Dataset records:

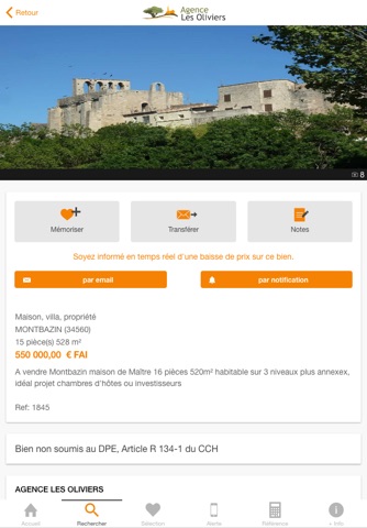 Votre agence immobilière Agence Les Oliviers met à votre disposition lensemble de ses offres immobilières sur votre mobile grâce à son application iPhone. Retrouvez de nombreuses annonces immobilières sur Montpellier et Saint Georges dOrques dans lHérault. Découvrez des offres immobilières de maisons, appartements, villas, terrains sur Montpellier (34) et ses alentours avec lagence immobilière Agence Les Oliviers à Saint Georges dOrques.
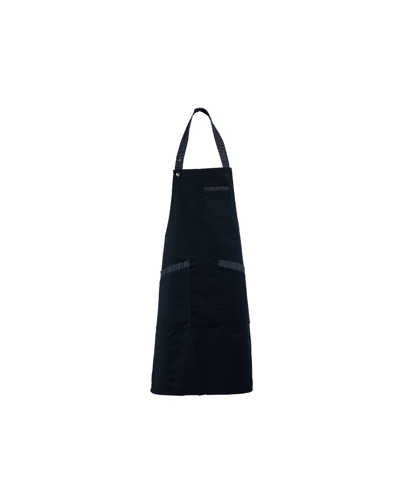 Ποδιά λαιμού ΑΧΟΝ μαύρη με ριγέ λουρί στο λαιμό και δύο μεταλλικά τρουκς για ευκολη ρύθμιση
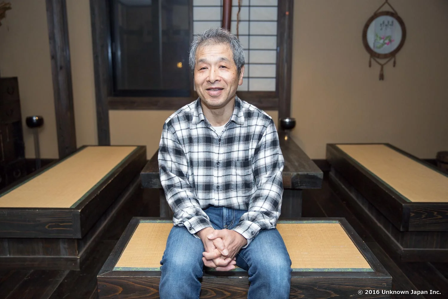 この日、新清館を48年ぶりに訪れたという潤治さん73歳です。なんと48年前の教員時代にこちらの新清館に下宿されていたそうです。その48年ぶりの訪問タイミングで撮影させていただくことになるとは!ご縁ですね(笑)。しかも、潤治さんには、その後、弘明さんへのインタビューにずっと同席していただきました(笑)。時々、潤治さんが質問したりして、楽しかったです。
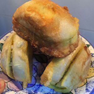 鸡蛋打成蛋液,把刚才夹好臭豆腐的馒头片均匀裹上蛋液。下油锅里炸,炸到两面金黄色,出锅。
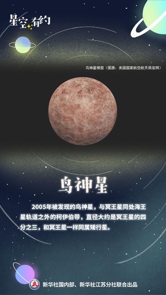 2005年被發現的鳥神星,與冥王星同處海王星軌道之外的柯伊伯帶。它的直徑大約是冥王星的四分之三,距離太陽約52個天文單位。和冥王星一樣,鳥神星也屬于矮行星。在柯伊伯帶的矮行星中,鳥神星的亮度位居第二,僅次于冥王星。
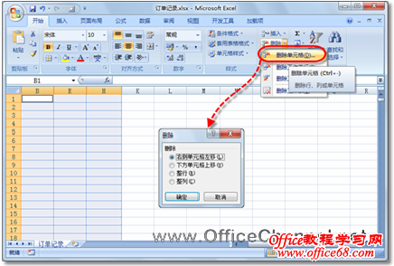图3 选择空白列 (5)在“单元格”选项组中,单击【删除】下三角按钮,在随即打开的下拉列表中执行【删除单元格】命令,打开“删除”对话框,如图4所示。
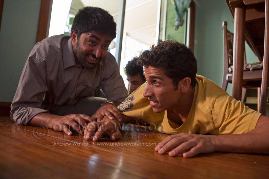 The Straits 15/03/2014 by andrewwatson Gary, Joseph and Eddie (Played by Firass Dirani, Chum Ehelepola & Kramer Cain) shelter when the house is sprayed by gunfire Share this:ShareGoogleFacebookLinkedInEmailTwitterPrint
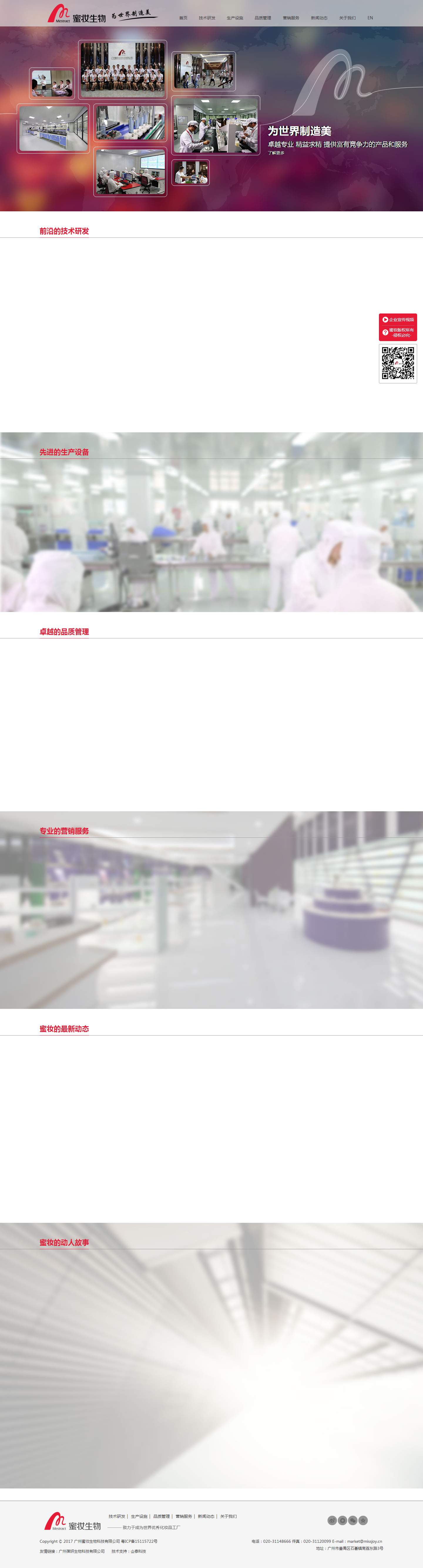 广州蜜妆生物科技有限公司,是一家集化妆品原料研制、配方开发、加工生产及配套性服务为一体的全球化妆品OEM/ODM服务企业。公司的前身葆妍生物科技,本着“追求卓越,秉承健康,成就美丽”的经营理念,经过十多年的不断发展完善与技术提升,在行业内颇具口碑和影响力。
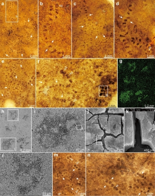 同其他产地的霍氏串珠标本一样,此次发现的霍氏串珠“珠子”的周围保存着浅色的光晕结构,并通过光晕之间的接触、叠覆将相邻的“珠子”进行连接。光晕与“珠子”之间的边界清晰,但与围岩边界相对模糊。在同一标本中,光晕有时会向“珠子”的同一侧偏移,导致其在“珠子”的一侧相对较宽、另一侧相对较窄;且较宽的一侧通常凸出层面。上述特征表明,光晕可能具有较大的形态可塑性。相较于“珠子”,光晕结构还表现出保存的不稳定性:在同一层位,具光晕和不具光晕的标本可以共存,甚至同一个霍氏串珠标本中也存在具光晕和不具光晕的“珠子”。相较于保存了碳质压膜/有机质壁的“珠子”,光晕几乎检测不到有机质的保存;相较于围岩,光晕更富集钙、镁元素,而铝、硅、钾元素则在围岩中相对更多,可能是生物体死后矿物在光晕内部被诱导沉淀所导致。本研究将光晕结构解释为一种围绕“珠子”的凝胶质基质,类似于细胞外粘液或胞外聚合物(EPS),其形态是在生物体死后以矿物沉淀形式保存。
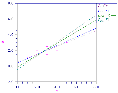 Different straight line fits to a data set are computed under the criterion of minimizing the Lp norm by using p equal to 1, 1.5, 2.0 and 2.5.
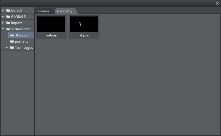 In Viz Arc, it's possible to import objectified scenes (GEOM) into another scene through the GEOMETRY element. Once the selected object is imported in the right GEOM, it's possible to load, update, refresh and continue. A step-by-step example of importing and playing an objectified scene follows below:
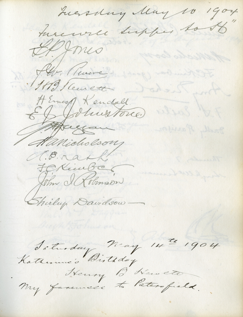 Item is the guestbook that was used at the Petersfield Estate, and later by Katharine at events on her home on Whitney Avenue, Sydney. In fact, Petersfield is most famous and historically interesting because of the guests who stayed there. Besides frequent local visitors like Hetty Kimber and her brother Fred, Shirley Davidson, the Burchells, the Sutherlands, the Grosvenors and visiting family members, the estate boasted visitors of international renown.
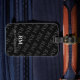 White Monogram Initials Gray Pattern Black Luggage Tag. Elegantes einfaches, modernes und männliches Schwarz-Weiß-Design, mit individuellem Text und Monogramm, mit einem exklusiven Monogramm-Muster, perfektes Geschenk für Reisende, für ihn, Papa, Großpa, Bruder, Freund, Chef, Mitarbeiter oder Mitarbeiter.
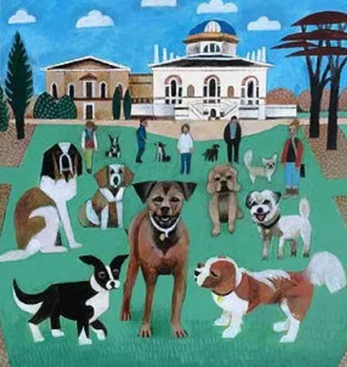 In 2014 Danny (the late Alfred Daniels) was asked to design a poster for the Chiswick House Dog Show. He enthusiastically agreed but had never used dogs as subjects before, and needed some photos. Jan Preece, Chair of the Show committee, volunteered to take some for him. This proved quite a challenge but from the selection Danny put together this painting, which was used for the poster and programme. The painting was subsequently auctioned, raising money towards the running of this popular Chiswick community event.
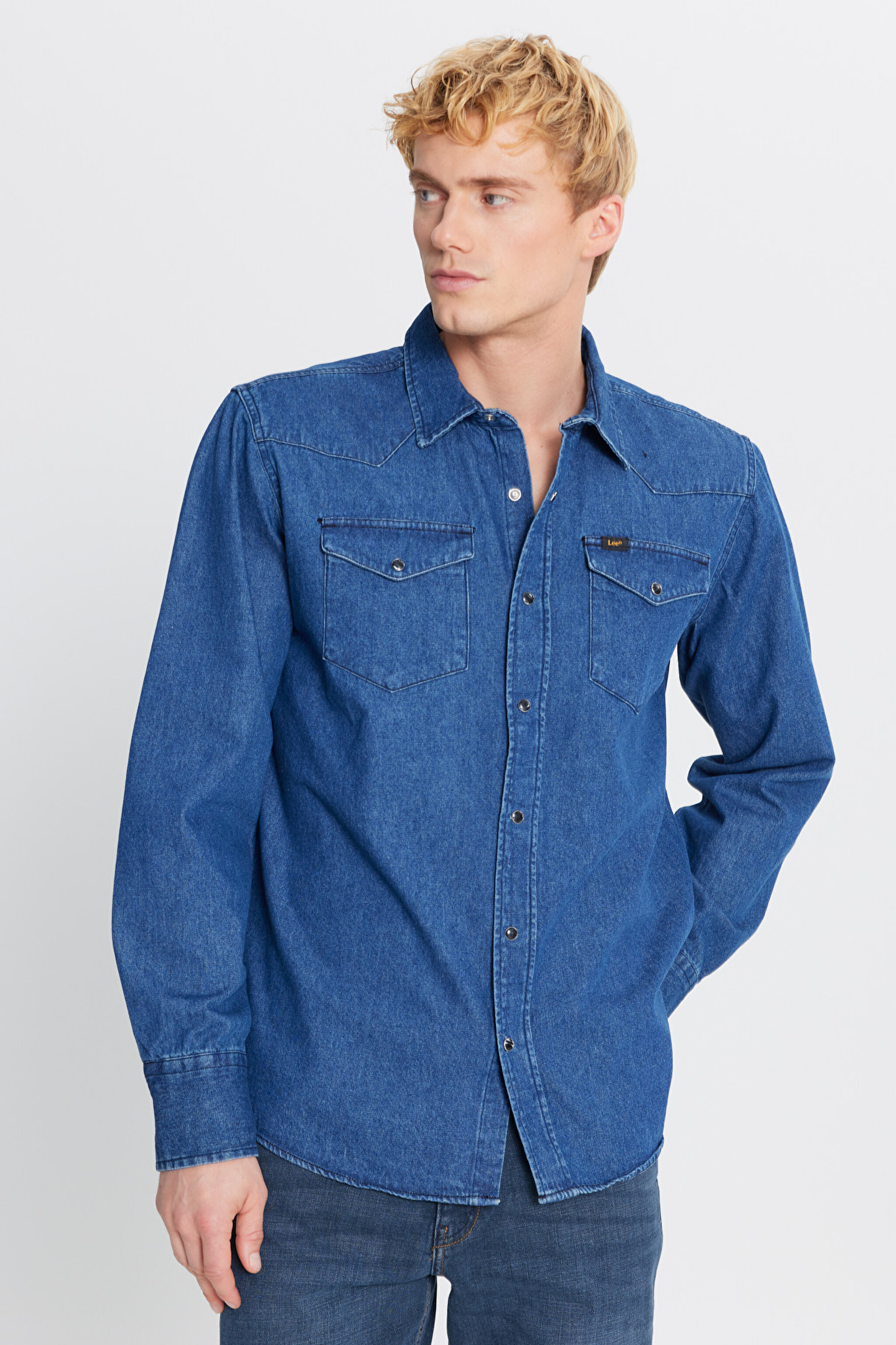 %100 Pamuk Regular Fit Normal Kesim Cepli Klasik Yaka Denim Gömlek

Work to be completed: Exclude the pictures and print the rest of the data exactly.

Result:
 Votre agence immobilière Agence Les Oliviers met à votre disposition lensemble de ses offres immobilières sur votre mobile grâce à son application iPhone. Retrouvez de nombreuses annonces immobilières sur Montpellier et Saint Georges dOrques dans lHérault. Découvrez des offres immobilières de maisons, appartements, villas, terrains sur Montpellier (34) et ses alentours avec lagence immobilière Agence Les Oliviers à Saint Georges dOrques.
 Ποδιά λαιμού ΑΧΟΝ μαύρη με ριγέ λουρί στο λαιμό και δύο μεταλλικά τρουκς για ευκολη ρύθμιση
 この日、新清館を48年ぶりに訪れたという潤治さん73歳です。なんと48年前の教員時代にこちらの新清館に下宿されていたそうです。その48年ぶりの訪問タイミングで撮影させていただくことになるとは!ご縁ですね(笑)。しかも、潤治さんには、その後、弘明さんへのインタビューにずっと同席していただきました(笑)。時々、潤治さんが質問したりして、楽しかったです。
 鸡蛋打成蛋液,把刚才夹好臭豆腐的馒头片均匀裹上蛋液。下油锅里炸,炸到两面金黄色,出锅。
 2005年被發現的鳥神星,與冥王星同處海王星軌道之外的柯伊伯帶。它的直徑大約是冥王星的四分之三,距離太陽約52個天文單位。和冥王星一樣,鳥神星也屬于矮行星。在柯伊伯帶的矮行星中,鳥神星的亮度位居第二,僅次于冥王星。
图3 选择空白列 (5)在“单元格”选项组中,单击【删除】下三角按钮,在随即打开的下拉列表中执行【删除单元格】命令,打开“删除”对话框,如图4所示。
 The Straits 15/03/2014 by andrewwatson Gary, Joseph and Eddie (Played by Firass Dirani, Chum Ehelepola & Kramer Cain) shelter when the house is sprayed by gunfire Share this:ShareGoogleFacebookLinkedInEmailTwitterPrint
 广州蜜妆生物科技有限公司,是一家集化妆品原料研制、配方开发、加工生产及配套性服务为一体的全球化妆品OEM/ODM服务企业。公司的前身葆妍生物科技,本着“追求卓越,秉承健康,成就美丽”的经营理念,经过十多年的不断发展完善与技术提升,在行业内颇具口碑和影响力。
 同其他产地的霍氏串珠标本一样,此次发现的霍氏串珠“珠子”的周围保存着浅色的光晕结构,并通过光晕之间的接触、叠覆将相邻的“珠子”进行连接。光晕与“珠子”之间的边界清晰,但与围岩边界相对模糊。在同一标本中,光晕有时会向“珠子”的同一侧偏移,导致其在“珠子”的一侧相对较宽、另一侧相对较窄;且较宽的一侧通常凸出层面。上述特征表明,光晕可能具有较大的形态可塑性。相较于“珠子”,光晕结构还表现出保存的不稳定性:在同一层位,具光晕和不具光晕的标本可以共存,甚至同一个霍氏串珠标本中也存在具光晕和不具光晕的“珠子”。相较于保存了碳质压膜/有机质壁的“珠子”,光晕几乎检测不到有机质的保存;相较于围岩,光晕更富集钙、镁元素,而铝、硅、钾元素则在围岩中相对更多,可能是生物体死后矿物在光晕内部被诱导沉淀所导致。本研究将光晕结构解释为一种围绕“珠子”的凝胶质基质,类似于细胞外粘液或胞外聚合物(EPS),其形态是在生物体死后以矿物沉淀形式保存。
 Different straight line fits to a data set are computed under the criterion of minimizing the Lp norm by using p equal to 1, 1.5, 2.0 and 2.5.
 In Viz Arc, it's possible to import objectified scenes (GEOM) into another scene through the GEOMETRY element. Once the selected object is imported in the right GEOM, it's possible to load, update, refresh and continue. A step-by-step example of importing and playing an objectified scene follows below:
 Item is the guestbook that was used at the Petersfield Estate, and later by Katharine at events on her home on Whitney Avenue, Sydney. In fact, Petersfield is most famous and historically interesting because of the guests who stayed there. Besides frequent local visitors like Hetty Kimber and her brother Fred, Shirley Davidson, the Burchells, the Sutherlands, the Grosvenors and visiting family members, the estate boasted visitors of international renown.
 White Monogram Initials Gray Pattern Black Luggage Tag. Elegantes einfaches, modernes und männliches Schwarz-Weiß-Design, mit individuellem Text und Monogramm, mit einem exklusiven Monogramm-Muster, perfektes Geschenk für Reisende, für ihn, Papa, Großpa, Bruder, Freund, Chef, Mitarbeiter oder Mitarbeiter.
 In 2014 Danny (the late Alfred Daniels) was asked to design a poster for the Chiswick House Dog Show. He enthusiastically agreed but had never used dogs as subjects before, and needed some photos. Jan Preece, Chair of the Show committee, volunteered to take some for him. This proved quite a challenge but from the selection Danny put together this painting, which was used for the poster and programme. The painting was subsequently auctioned, raising money towards the running of this popular Chiswick community event.
 %100 Pamuk Regular Fit Normal Kesim Cepli Klasik Yaka Denim Gömlek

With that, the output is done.